Why First Solar Isn't Worth Your Time

NEW YORK ( TheStreet) -- First Solar ( FSLR) shares aren't going to zero, but the stock is worthless.

The solar company has left investors with way too many questions and too few answers and is dead money in 2012 as the company continues to lay out a vague long-term plan for 2013 to 2015.

Solar has always been a better trade than investment, and the action in First Solar in 2012 is a typical sign of that maxim: Shares rallied to as high as $50 earlier this year, or by 35%, after falling by 70% last year. If shares were oversold they were then quickly overbought and after Wednesday morning's 10% drop, shares are now slightly negative in 2012 trading.

If solar remains good for a trade from time to time, it remains a pass based on 2012 fundamentals which imply profitless years for the Chinese solar companies even as shipments grow, and a year of transition for First Solar.

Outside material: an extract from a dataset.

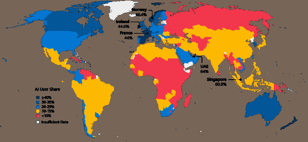 Прежде чем судить Россию, полезно посмотреть на глобальный контекст. По данным Microsoft, в 2025 году ИИ-сервисы использовало 16,3% населения планеты — примерно каждый шестой человек. Это рост с 15,1% за полгода ранее, что выглядит скромно для технологии, захватившей мировой интернет.
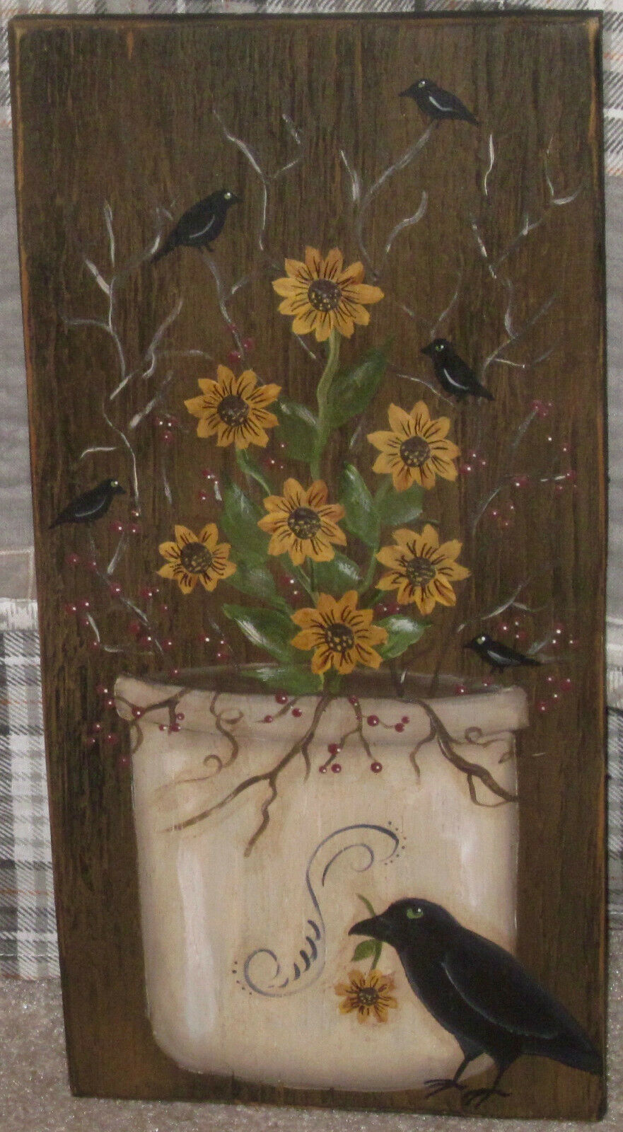 Title (ebay affiliate link): *~*PRIMITIVE*~* HP FOLK ART PRIM CROCK *~* SUNFLOWERS *~* CROW *~* BOARD

First Solar may now be back at square one in terms of 2012 trading, but it's not back at square one in terms of either its short-term or long-term outlook. The company seemingly cleared the decks in its December 2011 guidance, after ousting former CEO Rob Gillette and bringing Chairman Michael Ahearn back in as interim CEO. But things now look even worse, or as Stifel analyst Jeff Osborne wrote, a "bleaker outlook" than just two months ago.

"We did not get a sense that the company is firmly on the path to navigate the current challenging environment," Stifel's analyst wrote.

And go figure: Without a permanent CEO in place, First Solar said it will soon unveil a three-year strategic plan that should show investors where it is going and how it will succeed. How can First Solar be cementing a three-year plan that it will unveil in May when it is still conducting a search for a CEO?

Here are some of the headline details:
  • First Solar lowered revenue and cash flow guidance for 2012;
  • Underutilization charges are mounting;
  • Third-party module sale expectations have been cut nearly by half from two months ago, implying challenged margins;
  • Its project pipeline looks stagnant with growth prospects increasingly reliant on markets with unclear ramp;
  • Finally, First Solar was light on details about the future.

While First Solar didn't lower its earnings guidance of $3.75 to $4.25, analysts see it as increasingly likely that earnings will be revised downward in 2012. Decreased cash flow is a sign of the balance sheet risk for a company that has increasing costs related to large-scale project construction.